Это было очень важно.
— Как заканчивается ваш фильм? — поинтересовался он.
— Точно еще не знаю, — сказал я. — Лучше всего, если герой однажды осознает, что жизнь его стремительно и неотвратимо идет к концу, и сам себя убьет до того, как станет лепечущим кретином.
— Понимаю.
— Если он примет большую дозу морфия, этого будет достаточно?
— Вполне.
— Да, — сказал я, — тогда он умрет именно так.
Дверь открылась, и вошла медсестра Рюттгенштайн, с которой я беседовал раньше. В руке она держала бумаги. Я поднялся.
— Сидите спокойно, — дружески сказала она, — я уже ухожу.
— Я уже узнал все, что мне нужно. Доктор Клеттерхон был очень любезен.
— Я надеюсь, что смог вам немного помочь.
— О да, вы действительно очень помогли мне.
Я собрал свои записи и протянул госпоже Рюттгенштайн руку.
— Вы думаете, Алан Лэдд даст мне автограф? — спросила она.
— Я ему сегодня же напишу. Как ваше имя?
— Вероника.
— Вы получите фото. Я попрошу отправить его на адрес клиники.

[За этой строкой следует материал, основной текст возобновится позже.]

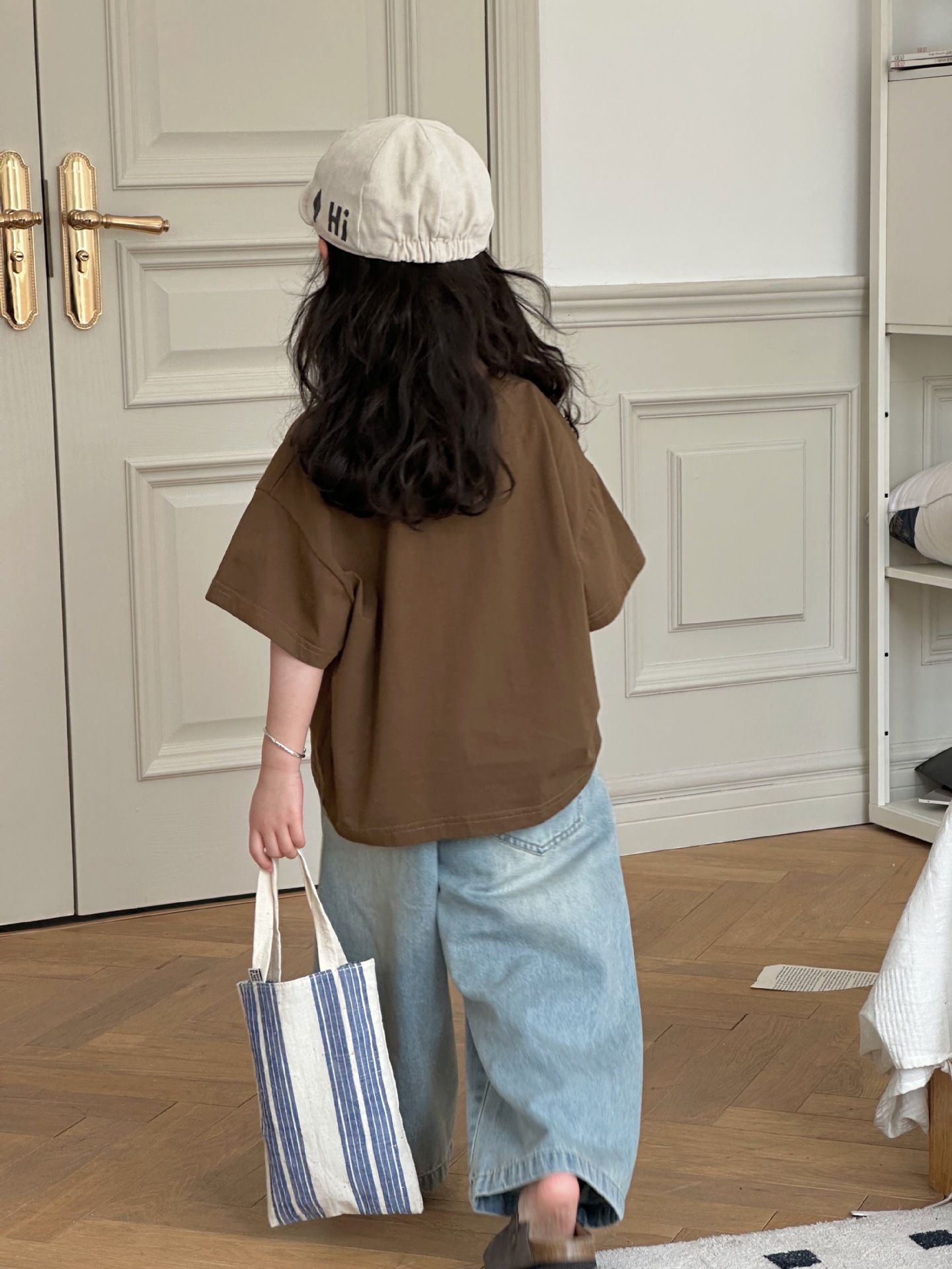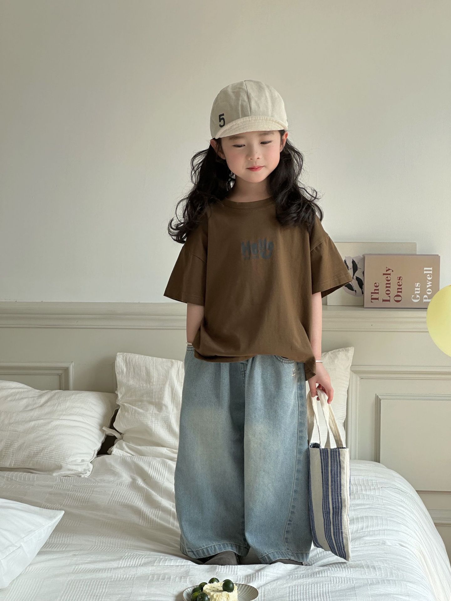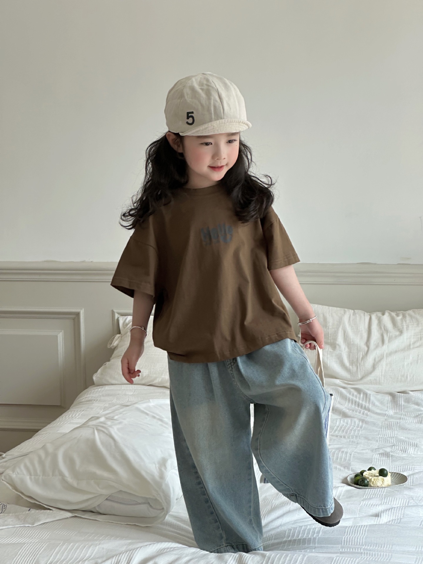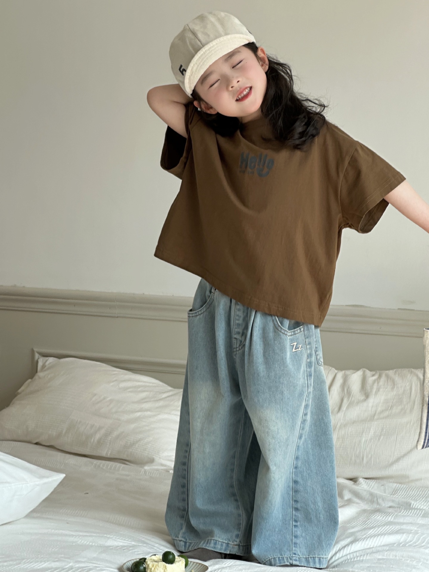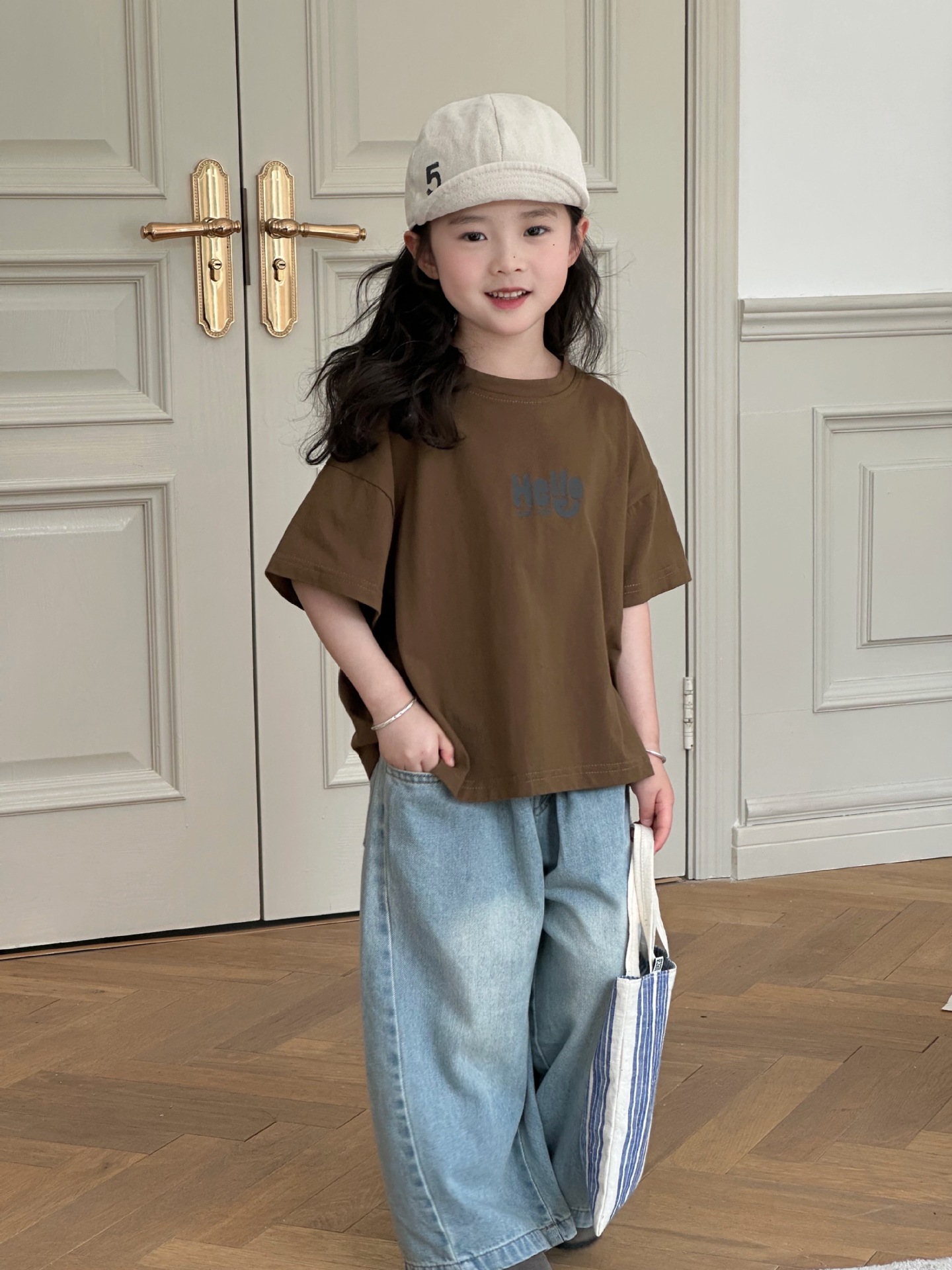 어린이 바지 한국 소녀 오래 된 부드러운 왁스 데님 스트레이트 바지 2024 새로운 아기 넓은 다리 바지스토어 가기

Я попрощался с Клеттерхоном, надел шляпу и пошел к двери:
— «Рюттгенштайн» с двумя «т», — сказала медсестра.
— С двумя «т», — повторил я улыбаясь и приподнял шляпу.
Я не знаю, как это произошло. Но в следующее мгновение я почувствовал, что моя голова голая. Я посмотрел в шляпу. Парик лежал в ней. Я снял его вместе со шляпой.